Der neue Otto-Campus soll 2022 fertig werden.
Bild: Otto
Das Intranet ist zudem auch Plattform für die sogenannten "Experts" im Konzern. Otto bietet Mitarbeitern mit großem Fachwissen und "erfolgskritischen Kompetenzen" die Möglichkeit von fachlichen Karrieren, ohne dafür auch Führungsaufgaben übernehmen zu müssen. Wichtiger ist dem Konzern, dass sie ihrer fachlichen Leidenschaft folgen, Innovationen vorantreiben - und ihr Wissen weitergeben. Die rund 50 Experts teilen ihres vor allem über das Intranet, sie nutzen es zur Vernetzung und als Plattform zur persönlichen Positionierung. Auch in einer eigenen Expertcommunity tauschen sie sich aus.
Ziel ist es, das OttoNet zum internen sozialen Netzwerk und interaktiven Wissenspool für das gesamte Unternehmen auszubauen. Es ist damit auch eine wichtige Grundlage für das neue, hybride Arbeitsmodell
, das der Otto-Konzern als Reaktion auf die Corona-Pandemie kürzlich vorstellte und das auch Auswirkungen auf den Bau der neuen Firmenzentrale in Hamburg hat. Künftig können die 5.000 dort arbeitenden Mitarbeiter entscheiden, ob sie mobil oder im Büro arbeiten - je nachdem, welcher Ort besser zu ihrer individuellen Arbeitssituation passt und welche Infrastruktur benötigt wird.
Das Intranet bleibt auch ein wichtiger Teil der Onboarding- Prozesse. Neue Auszubildende und Mitarbeiter finden dort Orientierung und nützliche Informationen sowie Kollegen, die Fragen beantworten. Gerade im Corona-Lockdown half dies, sich auch vom Homeoffice aus im Unternehmen bald heimisch zu fühlen.
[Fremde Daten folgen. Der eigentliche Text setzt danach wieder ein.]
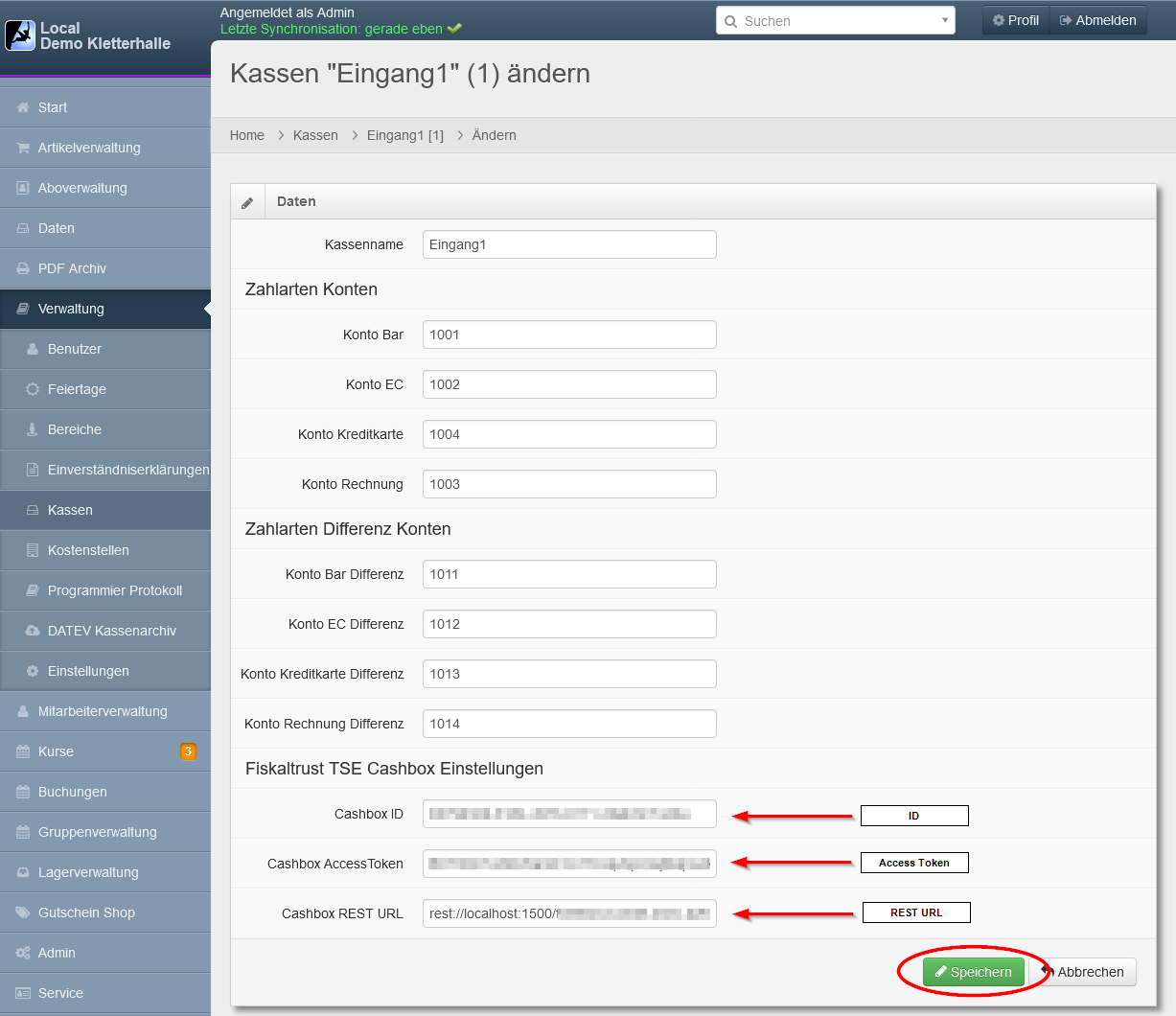Achte bitte darauf, dass du die richtige "Cashbox ID", "Cashbox AccessToken" und "Cashbox REST URL" der jeweils passenden Kasse zuordnest.

Sorge vor Kontrollverlust, Chaos und Informations- Overflow unbegründet
Mit seinem Intranet-Modell sieht sich das Otto-Team mittlerweile als eine Art Trendsetter, es gebe viele Anfragen, wie sich eine solche Community implementieren lasse. Auf Branchen- Konferenzen hat Tauchert und Burmester erstaunt, dass diese Art der partizipativen Community zwar schon von einigen Unternehmen gelebt wird, aber noch längst nicht so im Trend liegt, wie sie es erwartet hatten. Manche hätten in ihren Intranets noch nicht mal eine Kommentarfunktion und Mitarbeiter damit keine Chance, ihre Meinung zu äußern. Der Grund für die Zurückhaltung seien dabei oft Befürchtungen, ob genügend Mitarbeiter mitmachen und relevante Inhalte liefern und die Qualität stimmt. Diese Vorbehalte sind unbegründet, so die Erfahrung der Otto- Kommunikationsexperten. Das neue Modell funktioniere gut.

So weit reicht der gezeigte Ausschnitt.